▶ **Task details**
Taking the line with "圖 3 下方存在疑似采空區的管線(xiàn)區段(黑色部分)" as the first and the last line of the listing as the final one, please copy exactly those lines and no others, without pictures.

▶ **Data extract**
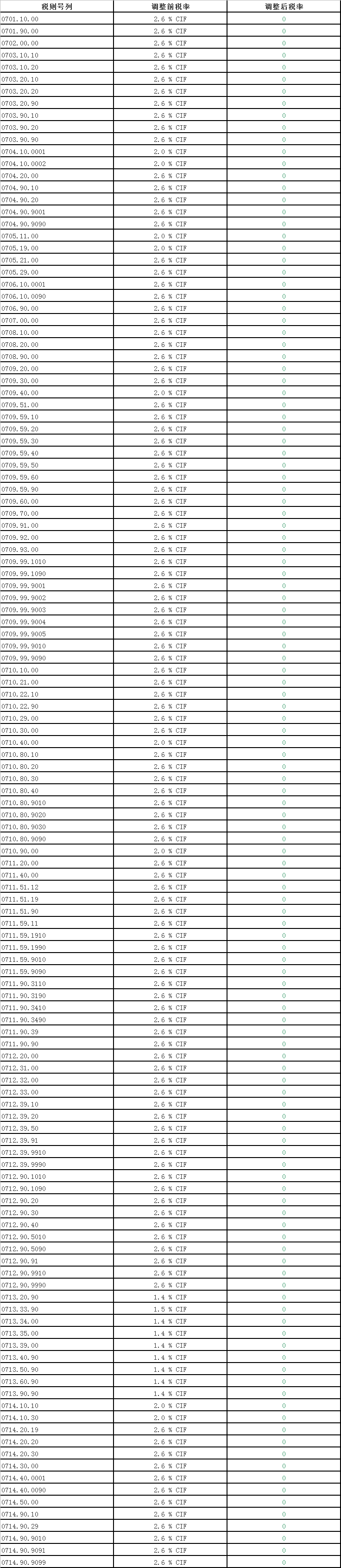 其中食用蔬菜、根及块茎涉及税号129个。具体调整如下:
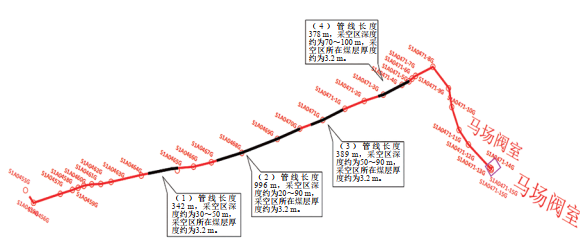 圖 3 下方存在疑似采空區的管線(xiàn)區段(黑色部分)
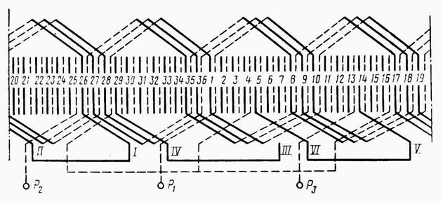 Рис. 9-14. Схема двухслойной волновой обмотки фазного ротор (одной фазы) Z2=36; 2p=4; q2=3;

▶ **Exercise answer**
 圖 3 下方存在疑似采空區的管線(xiàn)區段(黑色部分)
 Рис. 9-14. Схема двухслойной волновой обмотки фазного ротор (одной фазы) Z2=36; 2p=4; q2=3;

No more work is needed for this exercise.